Sadly we had to abandon Mountain Phoenix. We were sold on the idea of positive reinforcement fostering individualized academic growth. I was told that a student would be encouraged to meet their potential. What happened instead is my student was encouraged to find something quiet to do. This did not grow his skills in any way. In fact, he left the school with less proficiency, then he arrived. It appears to be a good concept, but it fails.
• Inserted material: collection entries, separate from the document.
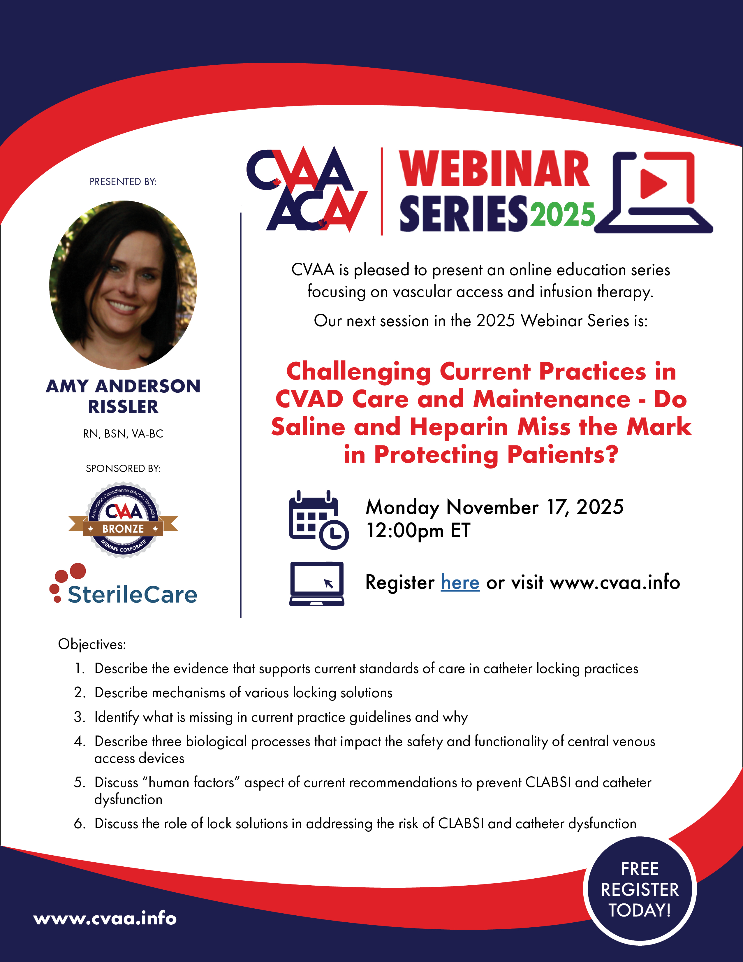 ARCHIVED SESSION: November 17, 2025 - CVAA Webinar Series: Challenging Current Practices in CVAD Care and Maintenance - Do Saline and Heparin Miss the Mark in Protecting Patients? presented by Amy Anderson Rissler, RN, BSN, VA-BC supported by SterileCare Inc.To access the recording, log in and view under Members Area> CVAA Webinar Series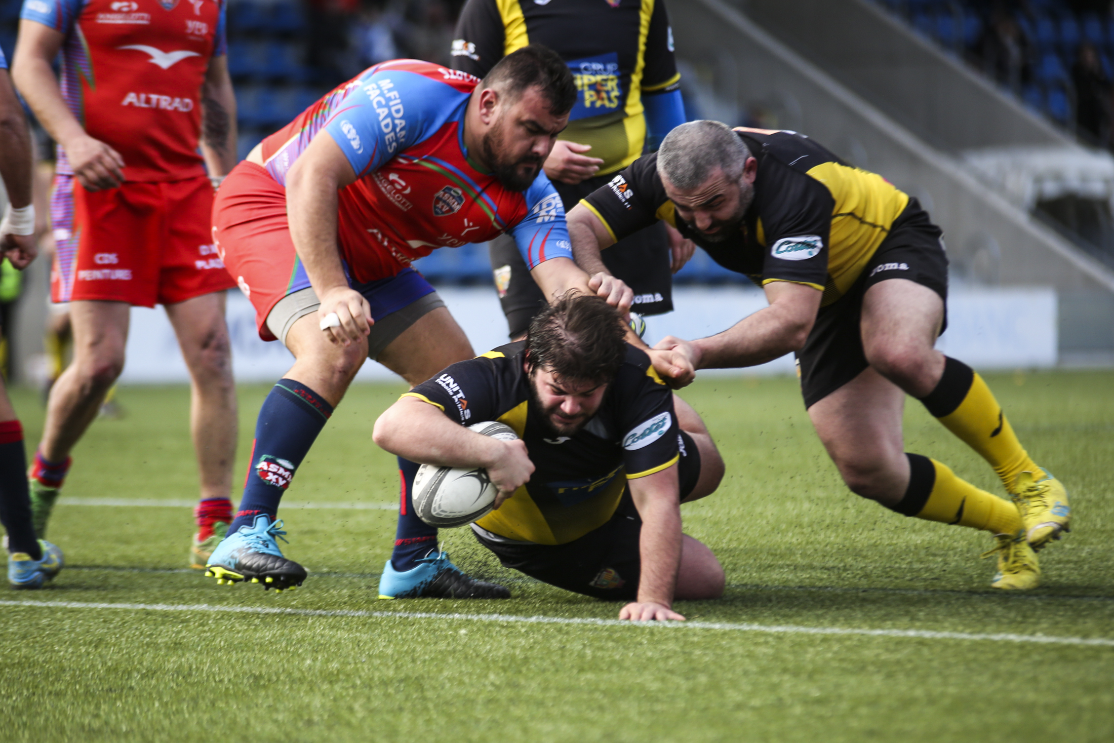 Els de Jonathan Xepi García i David Kirikaixvili, que estaven fosos després de jugar amb el segon equip en un partit que va acabar amb una forta picabaralla, els va costar dominar un rival extremadament dur. Dos cops de càstig transformats pel georgià Ramas Jinashvili van situar el 6 a 0. Tot seguit, els francesos van escurçar diferències amb un cop de càstig (6 a 3). Abans del descans, assaig d’Edisher Jamrulidze transformat per Jinashvili (13 a 3). Abans del descans, assaig dels francesos no transformat per deixar el 13 a 8, però amb un jugador menys ja el Maureilhan en rebre la primera vermella.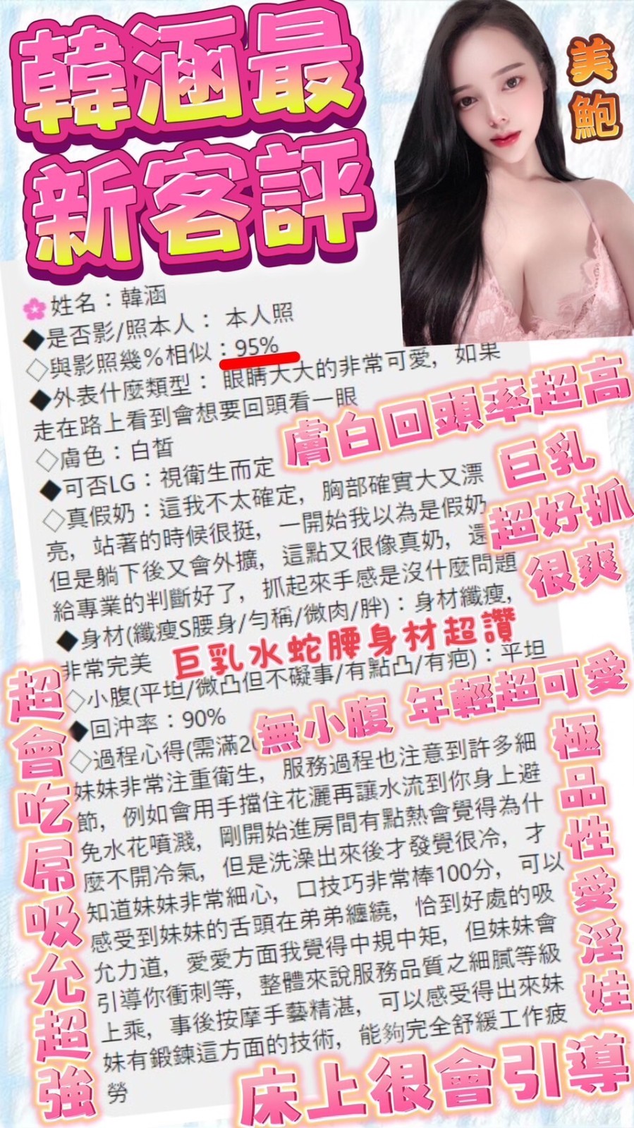 (snapping fingers)服務項目:調情共浴/愛撫調情/無套吹/舔蛋/小親親/LG/屁推/臀推/69/品鮑/奶炮/胸推/潮吹(依貴賓技術而定)/全身紓壓/白人

Phoenix Mountain School. I am a grandparent from out of state. Both my husband and I taught school. I am concerned about the D rating from the state for this school. It was posted in the Jeffco Observer. There were only 4 D schools and 2 F schools. How are the schools actually rated? Can anyone answer this question? A grandparent
The school is more closely aligned with Steiner philosophy than it claims. This can be ideal if you are looking for this type of education. If you are unfamiliar with Steiner philosophy then it can be a surprise. The imagination that children develop here is amazing. Children learn to be sensitive and kind. Friendships and community are above and beyond wonderful here. The school struggles to provide the education in line with its philosophy and meet state standards. It's a curious blend and brings unpredictability. Science education here is not in line with any other style of school. Academics are soft. Children with behavior problems bounce in and out of this school, teachers are left alone to deal with the disruptions. The adherence to safety and handling of injuries at the school is questionable at best and not in line with district requirements. Children are encouraged to tough it out, which has it's benefits, but parents are frequently not notified in a timely manner when children are injured. This school is not for everyone, but it is good to see it become more available to children as an option in education.